RAGDC
All guides
Hands-on tutorials
5 min read

Import large document collections

Hundreds of contract PDFs to ingest? An entire SharePoint site? This guide explains which approach fits your scale and how to triage failed uploads quickly.

Key takeaways

  • Under 50: drag-and-drop. Hundreds: batch upload. Entire SharePoint sites: Live connector.
  • The SharePoint Live connector keeps files in your Microsoft cloud — they never leave your tenant.
  • 90% of failures are scanned PDFs, encrypted files, or oversized Excels — the console surfaces the reason.
1

1. Pick the right method for your scale

Three options by scale. Under 50 files: just drag-and-drop in the console. A few hundred to a thousand: use the Batch Upload button to select everything at once. An entire SharePoint site or OneDrive: enable the SharePoint Live connector for live indexing — files stay in your Microsoft cloud the whole time, meeting enterprise compliance.

2

2. Connect SharePoint Live

Workspace Settings → SharePoint Live → Authorize with your Microsoft 365 account, then pick the sites or folders to connect. Once set up, when your team asks questions in the Playground, the system queries your SharePoint files live — update a document on SharePoint and the AI uses the new version instantly, no re-upload needed.

3

3. Troubleshoot failed uploads

When a document shows Failed status, click into its detail page to see the reason.
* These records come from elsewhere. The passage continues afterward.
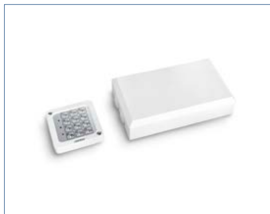
Toplock CTS BV mit Beleuchtung
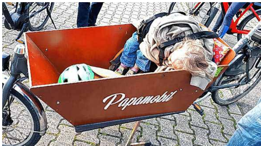
Die Teilnehmer von jung bis alt bewegten sich aktiv oder entspannten sich bei der angenehmen Radtour des AK Gesunde Gemeinde
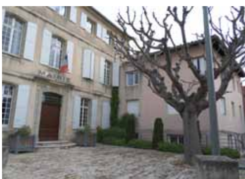
La maison Giéra et l'emplacement de celle du fermier (à droite)

Mais le maire tient à son projet. Il insiste sur le fait que la salle de la mairie de la Grand-Rue dans laquelle se traitent les affaires du pays, est trop petite pour recevoir le Conseil et le public le jour des adjudications, et les électeurs le jour des élections : « que cette salle se trouvant entre deux rues, toutes les affaires qui s'y discutent sont entendues des dehors, et rendues publiques le lendemain, ce qui occasionne de très graves inconvénients ». Une enquête publique est alors organisée, et certains habitants (peu nombreux) souhaiteraient qu'on « réparât plutôt les ponts ». Mais les fonds pour l'acquisition de la maison ne peuvent servir à la voirie. Le
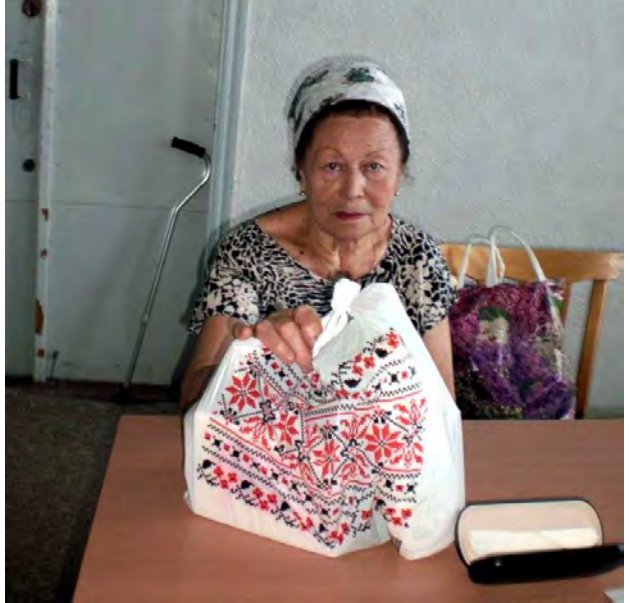
Pri preberaní hygienických vecí v kancelárii v Korsuni.
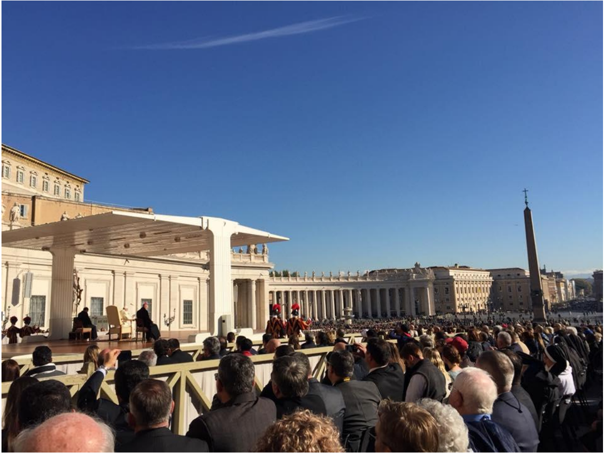
Visita al Vaticano: Audiencia General
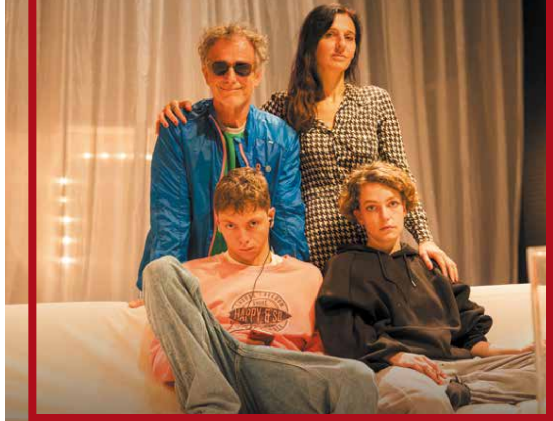
© V. Berenger - Châteauneuf-Liberté - SN/T. Kyriakidou / V. Beaume / N. Houguena / K. Nio / J. Helaine
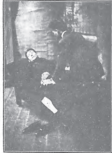
應 用 呼 吸 法
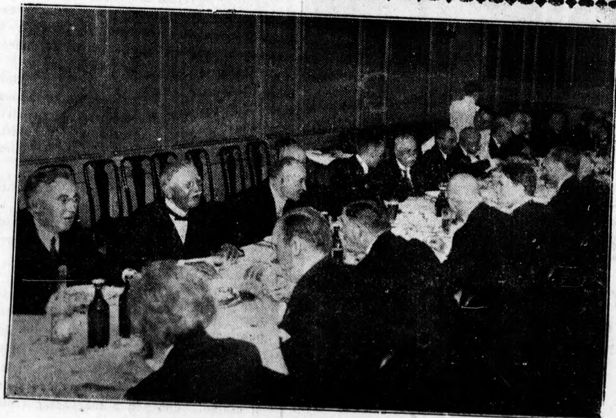
Az egyetemi ünnepi ebéd résztvevői az Angol Királynőben.

beli alakulására nézve. Az első és a legfontosabb az, hogy a kormány meg fogja tiltani a jövő idényben a gabonahatáridőüzetek kötését. Az erre vonatkozó rendelet a közeljövőben megjelenik. Ugyanakkor fogják
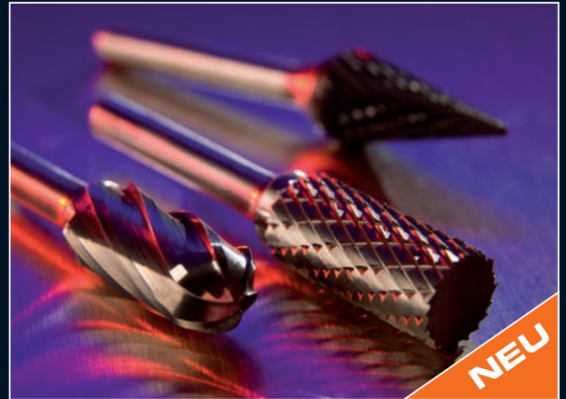
Hartmetall Frässtifte Tungsten carbide rotary burrs
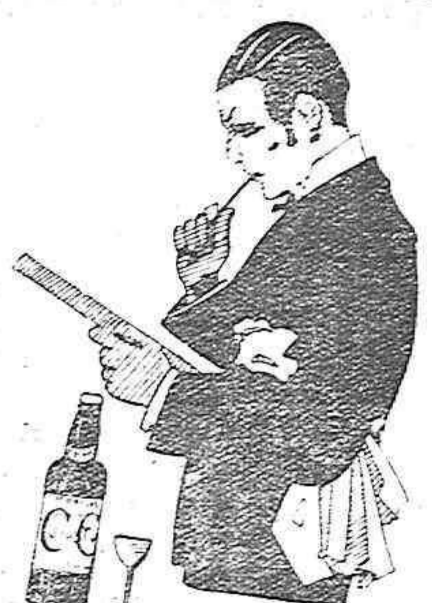
MONTILLA, siempre Cruz Con Le

Lo que para conocimiento general y el más exacto cumplimiento se hace saber por medio de la presente nota.
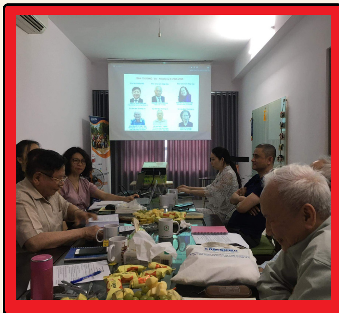
Xây dựng Quy chế Ban thường vụ - 4/2022
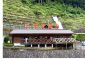
上北山温泉(薬師湯) 清流北山川のほとりにあり、県下有数の豊富な湧出量を誇る泉質の良い温泉です。
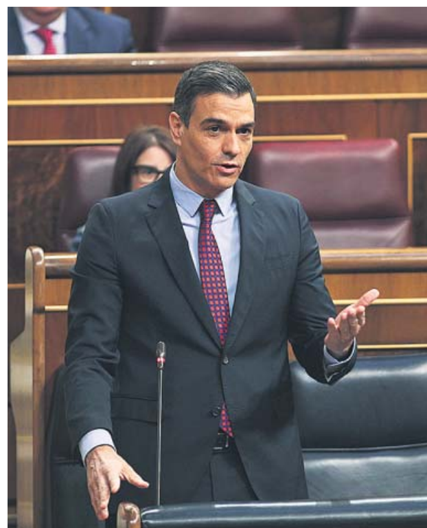
El presidente del Gobierno, ayer en el Congreso.

De momento, la receta del presidente pasa por una reforma hacia «más justicia fiscal» o la confianza en que cada vez serán necesarios menos recursos en prestaciones de desempleo porque el paro irá disminuyendo. Aizpurua le hizo notar a Sánchez que así no respondía a su duda y el presidente dijo que su pregunta era «interesada en una época preelectoral en el País Vasco». «El debate es otro, el debate es que esta crisis ha acelerado cambios que veíamos venir», como en el
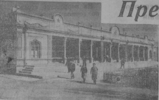
КЛУБ на 800 мест. При Доме культуры работают самодеятельные кружки. Организован первый колхозный духовой оркестр.
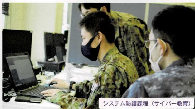
システム防護課程（サイバー教育）

複雑化する現代の作戦環境に適切に対応できるよう、サイバー、電子戦等の新たな領域や、水陸両用作戦、空挺作戦等の従来領域における各種作戦に必要な教育を実施しています。
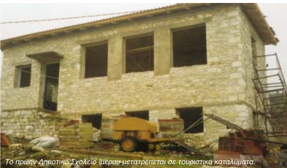
Το πρώην Δημοτικό Σχολείο Ιμέρου μετατρέπεται σε τουριστικά καταλύματα.

Στις παραλίες ή κατασκήνωση (Camping) Μαγγάνων αποτελεί οδηγό της τουριστικής ανάπτυξης όπως την θεωρεί η Δημοτική αρχή, η ίδια θα επεκταθεί και προγραμματίζεται να δημιουργηθούν ανάλογες υποδομές και στην παραλία Ερασμίου.
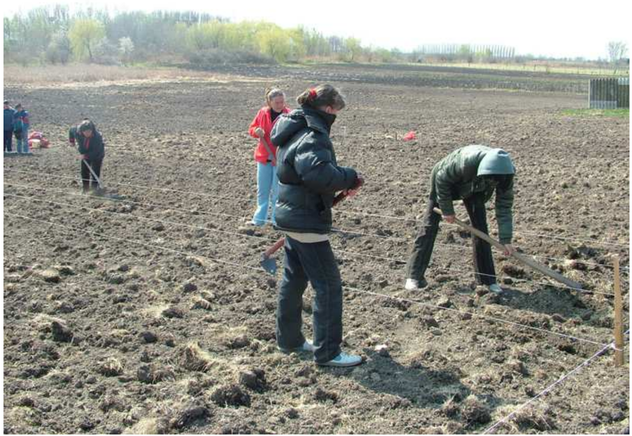
Barázdák előkészítése és a krumpli vetése
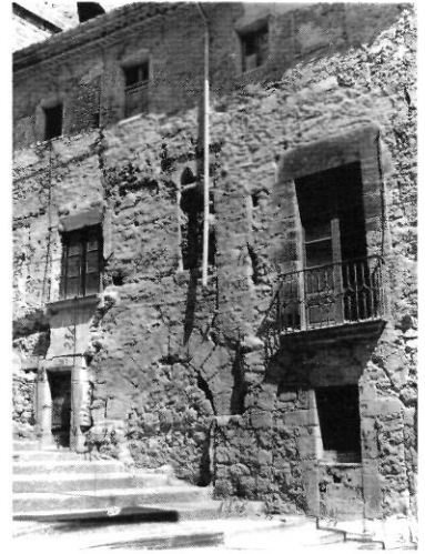
Façana gòtica del Museu abans i després de restaurar-lo.

El 5 de setembre de l'any 1970, el Museu organitza, amb el suport de l'Ajuntament i la comissió organitzadora, les Festes Populars de Cultura Pompeu Fabra. L'acte central, multitudinari, es va celebrar a l'església de Sant Miquel. Aquestes festes tingueren un gran ressò arreu de Catalunya.
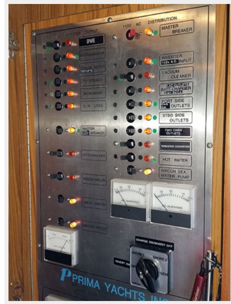
Prima 45 electrical panel2
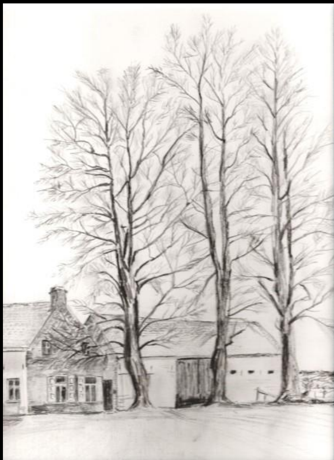
Drie mooie lindebomen aan de hoeve Verroken langs het Zeitje

Ronse. Jonge gasten riepen hem na en gooiden zelfs met brokken aarde naar hem. Reden: hij had iets op zijn kerfstok wat niet betaamde voor een priester.
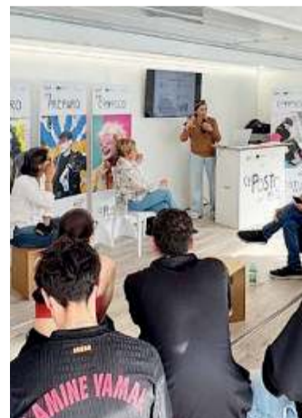
Non solo recruiting. Varie le proposte di «C'è Posto per Te»

C'è posto per te realizza molteplici attività di orientamento, organizzate in quattro aree: «Co-
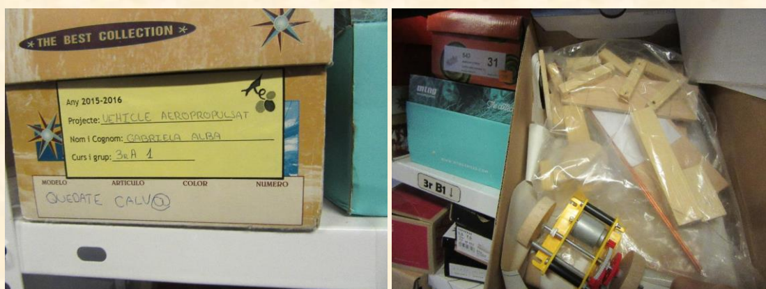
Figura 6: Projetos em curso

Os projetos transversais ocupam 20% da carga letiva anual dos alunos, desenvolvendo-se uma vez por período (a meio do período), ao longo de duas semanas. Em termos organizacionais, a particularidade destes projetos é a de serem desenvolvidos ao mesmo tempo por toda a escola, ou seja, durante as duas semanas selecionadas para o trabalho em projeto transversal deixam de funcionar os horários previamente estabelecidos e todos os alunos e professores do ESO trabalham todo o dia unicamente no projeto. Estes projetos são trabalhados em conjunto por todos os alunos de um mesmo ano de escolaridade (entre 60 a 90) com uma equipa de seis professores de áreas disciplinares diferentes.
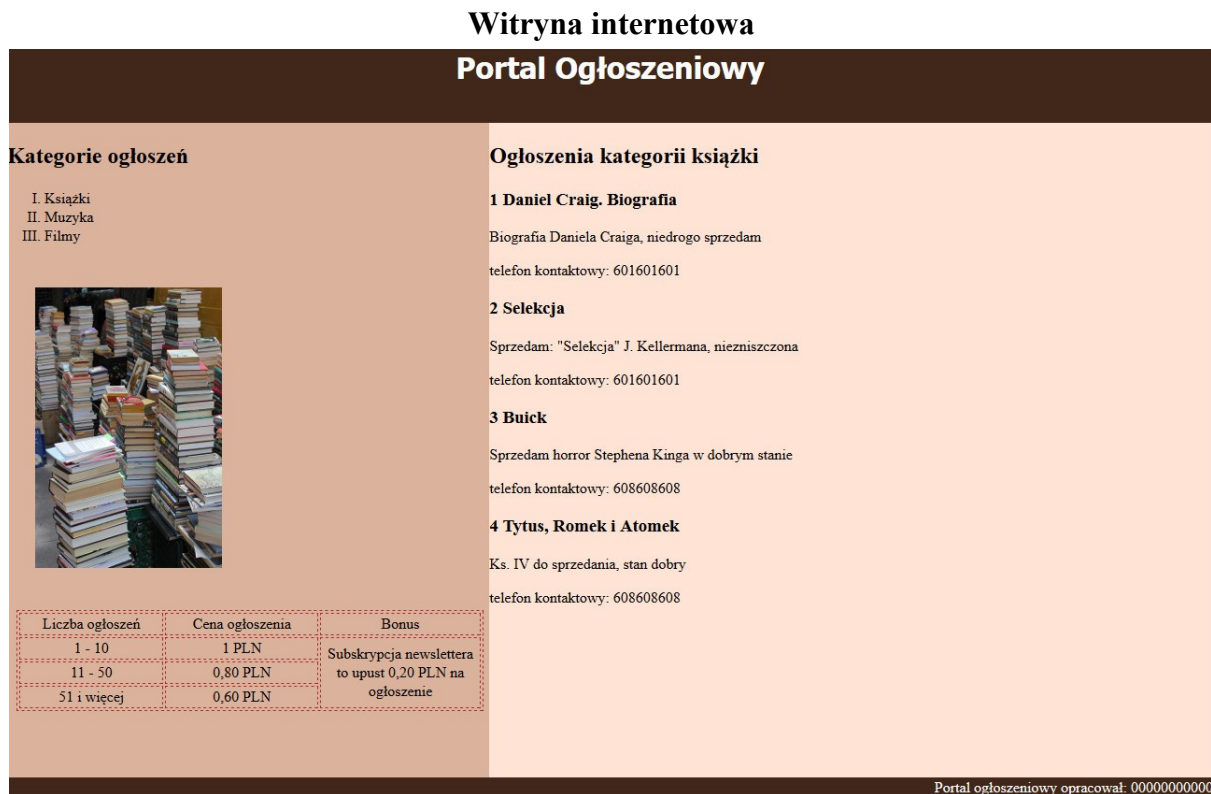
Obraz 2. Witryna internetowa

Top 3 causes: scanned PDFs (image-only, no text layer — run OCR first to make them searchable); encrypted PPT files (remove password in PowerPoint first); oversized Excels (split by worksheet and upload separately).

4

4. Monitor batch ingest progress

The header progress bar shows pending + processing counts so you always know what's left. The KB detail page filters documents by status (Pending / Processing / Ready / Failed) to quickly spot problems. After a batch ingest completes, run a few real questions in the Playground to validate answer quality.